Wednesday, November 4, 2020

Students:Whether you candidate won or lost,
use this election as peacebuilding opportunity

Note: I plan to email this to all of my students as soon as we have a presidential winner.

Nov. 4, 2020

Dear Peace Studies and Peace Journalism students:

Despite the divisions and angst it has generated, the presidential election nonetheless offers us the opportunity as peacebuilders to put our craft into practice. This is true regardless of which candidate you supported.

If you supported the winner, congratulations. As a peacebuilder, I would hope that you would accept the results graciously and with humility, and not celebrate by using inflammatory language that might deepen partisan, racial, and cultural divides.
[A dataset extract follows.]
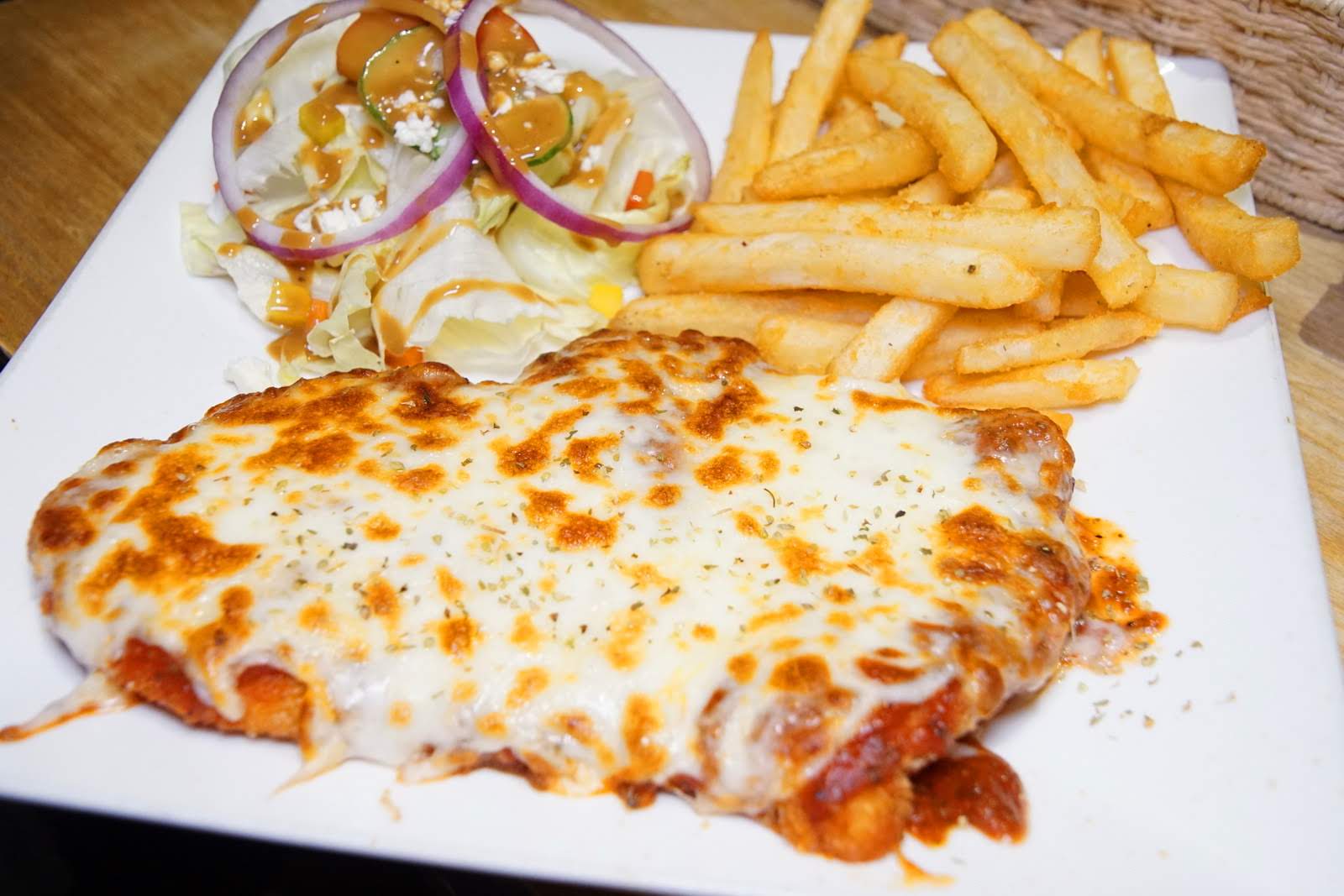 帕馬森起司炸雞排 NT. 320,以炸過的雞胸肉片林上特製的紅醬,再放上帕瑪森起司來焗烤,上桌時雞排上有一層濃郁的起司覆蓋,附餐為沙拉以及薯條

Further, as a supporter of the winner, I believe it is your responsibility to reach out to those who supported the other candidate to build bridges, in the parlance of peace studies and peace journalism. During these discussions, begin with listening, and with showing empathy for the emotional impact from the election results. Let them know that your vote was cast with the best intentions, for the leader and policies you feel will be most beneficial for the country, and was not a ballot cast against the supporters on the losing side.

This difficult discussion is not optional. The father of peace studies, Dr. Johan Galtung, wrote this week on Twitter that failure to conduct these demanding conversations will lead almost inevitably to violent conflict. As a “winner,” you are uniquely positioned to demonstrate your humility by initiating these discussions.
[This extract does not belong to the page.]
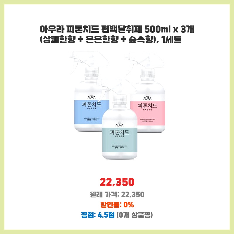 아우라 피톤치드 편백탈취제 500ml x 3개 (상쾌한향 + 은은한향 + 숲속향), 1세트

If you supported the losing candidate, I’m sorry. Keep in mind that during your life, you will assuredly win and lose some electorally. Politics are cyclical.

Even though the results seem very personal, I believe that they are not. Sure, there are obnoxious forces on both sides who do vote with malice in their heart—racists, xenophobes, homophobes, haters of Christians and rural Americans, elitists, etc. But I believe that 99% of us vote with the best intentions, not intending to personally harm anyone. Some of these good intentions arise out of ignorance and social and geographical isolation, and offer an opportunity to you as a peacemaker to educate those around you about our diverse society. This is a chance for you to build bridges as well. Begin by listening carefully, and don’t be argumentative or pedantic.

Regardless of how your candidate performed, you can harness your anger and disappointment, or energy and enthusiasm, to build peace. Begin by looking around to find the impediments to positive peace in our society. Positive peace, as theorized by Dr. Galtung, is the attitudes, institutions, and structures that create and sustain peaceful societies. Positive peace is sustainable and built upon a foundation of justice and opportunity for everyone. Make it your mission to seek out and combat impediments to positive peace, be they structural (laws, policies, procedures) or cultural (ideology, language, traditional attitudes). Your peace activism might, for example, battle sexism or racism, or seek to expand and protect religious and free speech rights. You could also monitor and call out news media that distort and fuel the divides in our society.

In short, what will you do as a peacebuilder to plant the seeds for a sustainable, lasting peace?

We can do better—better at communicating with and respecting one another, and better at fostering positive peace. We’ll never get rid of partisanship, but perhaps we as peacebuilders can help build a society where the nastiness and bitterness accompanying our elections becomes a relic of the past.